The Sunday Telegraph

Bombshell dossier ‘will clear Johnson over parties’

- By Camilla Turner and Will Hazell

‘Ministers trust the advice they are given. They have to be able to do that for Parliament to work’

BORIS JOHNSON is preparing to unveil “bombshell” evidence that he believes will exonerate him over partygate, his allies have said.

As he awaits a grilling by the Commons privileges committee on Wednesday, the former prime minister’s legal team is finalising its defence to claims that he knowingly and deliberate­ly misled MPs about lockdown-breaking parties in Downing Street.

Their “bombshell defence dossier” will include messages from Mr Johnson’s advisers sent shortly before he spoke in Parliament advising him no Covid rules had been broken in No 10, The Sunday Telegraph understand­s.

“It contains new evidence that helps his case,” a source close to Mr Johnson’s defence team said. “His case is that he told Parliament what he believed to be true at the time. There is documentar­y evidence that will show he was advised to say what he went on and said.”

Mr Johnson has always argued that he believed no rules had been broken when he told MPs that was the case, but corrected himself when it later became apparent what had taken place.

His team will produce WhatsApp messages and other “internal comms” from the time which show his statement was based on what he was told by aides.

“When ministers go into the Commons, they are basically just reading out what they have been briefed to say,” the source said. “They trust the advice they are given, and that is justified. They have to be able to do that in order to make Parliament work effectivel­y.

“That is what any minister would have done. Ministers need to be able to rely on what they have been told when they are updating Parliament.”

Mr Johnson’s six-person strong legal team, headed by Lord Pannick KC, has been given a deadline of tomorrow morning to submit its defence in writing. The committee will publish it before the hearing on Wednesday.

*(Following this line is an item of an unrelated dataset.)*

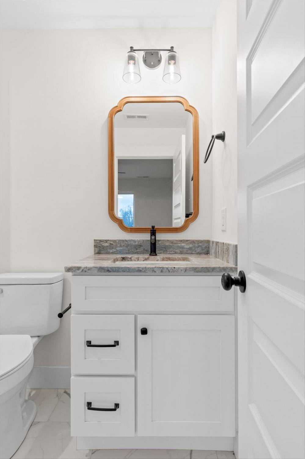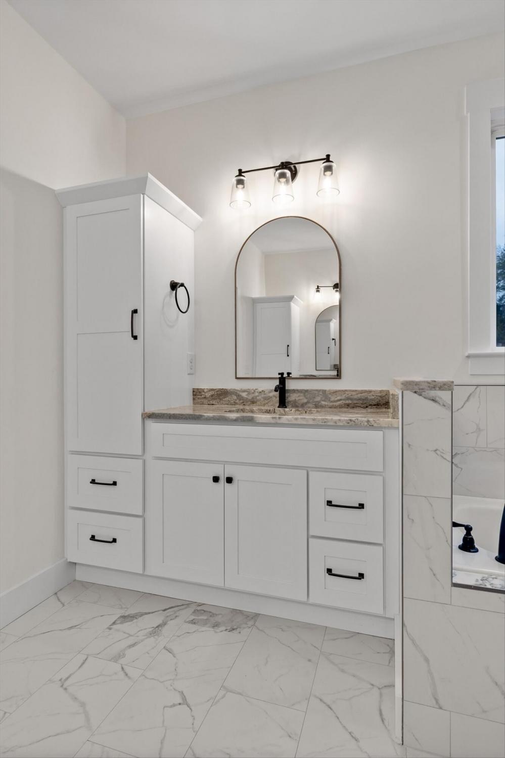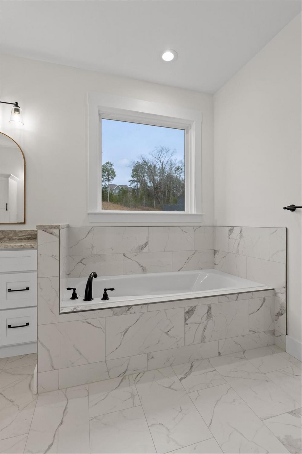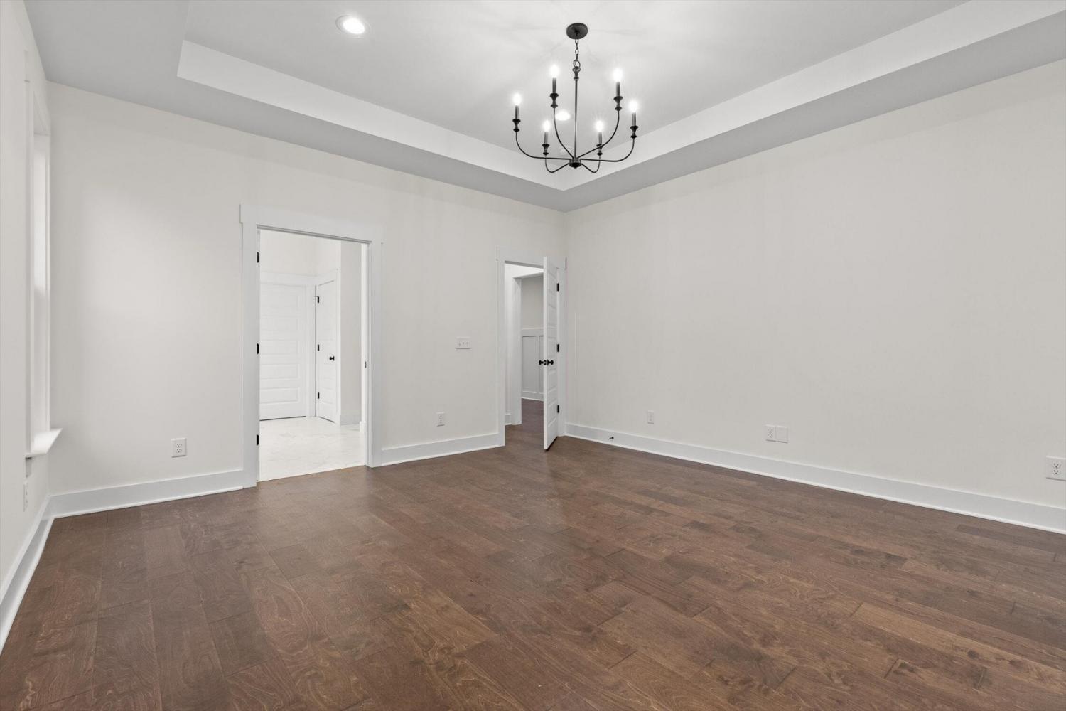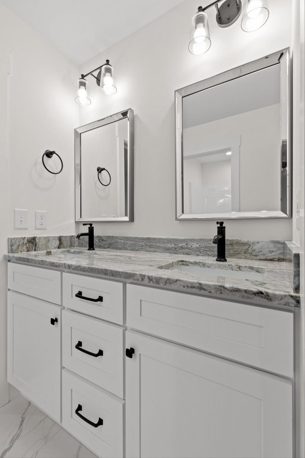 This brand-new home offers timeless character paired with modern comfort, located just off E. Brainerd Road in a peaceful, walkable neighborhood and directly across the street from the community pool—an ideal setting for both convenience and lifestyle. From the inviting front porch to the clean trim lines, metal roof, and mixed exterior siding, the exterior delivers strong curb appeal. Step inside to a bright, open-concept main level anchored by a vaulted living room centered around a cozy gas fireplace—perfect for gathering with family and friends. The living space flows seamlessly into the modern kitchen, which features a large center island, stainless steel appliances, a gas stove, pantry, and ample workspace for entertaining. French doors open to the back porch, creating a smooth transition to outdoor living and a fenced-in backyard ideal for pets or play. The main-level primary suite is a private retreat with a treyed ceiling and abundant natural light. The spa-inspired primary bathroom includes a large soaking tub, a spacious walk-in shower, and separate vanities with built-in storage. A laundry room with a sink adds everyday convenience. Also on the main level is a private guest suite with its own bath—perfect for an in-law suite, home office, or study. Upstairs, two generously sized bedrooms with large closets share a Jack-and-Jill bathroom. A spacious loft provides flexible use as a home office or family TV area, while an additional bonus room and full bathroom offer even more living space. With its new construction, thoughtful layout, quality finishes, and access to community amenities in a walkable neighborhood, this home offers a perfect blend of comfort, style, and modern living.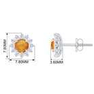 1.25 CT Orange Sapphire Flower Stud Earrings with Diamond Halo

MPs on the panel have argued Mr Johnson should have known some of the events he attended broke lockdown guidance and are expected to press that point at the hearing.

The Metropolit­an Police eventually issued 126 fines for Covid law breaches to 83 people linked to eight different gatherings in government buildings, proof of some wrongdoing.

Mr Johnson will argue that evidence

submitted to the committee by Downing Street staffers actually supports his case as it shows they also believed that no rule-breaking had taken place.

“The evidence will show that the general assumption of everyone present, including those hostile to Boris, was that rules and guidance were fol- lowed,” one of his allies said. “That destroys the argument that Boris must have known it was not in the rules.”

His legal team will also warn that his case risks having a chilling effect on Parliament as it would set a new precedent to haul MPs in front of the privi- leges committee every time they said something in good faith and then later corrected the record.

And they will claim the privileges committee is an “unfair process”.

“We will have to make the point that Harriet Harman [the Labour chair of the committee] is already on record saying she believes Boris is guilty of contempt,” one Johnson ally said. “You would never accept a judge who passes a verdict on someone’s guilt or innocence before seeing the evidence. ”

Mr Johnson is also likely to argue that the fact many pictures were taken by No 10’s photograph­er and published on its Flickr account “shows we didn’t think we had anything to hide”, a source said.

The former prime minister’s allies are urging the committee to publish all the evidence as they believe this will convince both MPs and the public to get behind Mr Johnson.

The four Conservati­ve members of the privileges committee have come under pressure from supporters of Mr Johnson. And Sir Graham Brady, the chairman of the 1922 Committee, has also been lobbied to “encourage” MPs to call off the committee’s inquiry.

If the committee determines Mr Johnson misled MPs, they can recommend a suspension from the Commons.

It is up to the Commons as a whole whether to endorse that. Downing Street has confirmed that Tory MPs will receive a free vote to determine Mr Johnson’s fate.

If a suspension of more than 10 days is voted through, Mr Johnson’s constituen­ts in Uxbridge and South Ruislip can trigger a by-election, provided that they gather enough signatures, imperillin­g his political career.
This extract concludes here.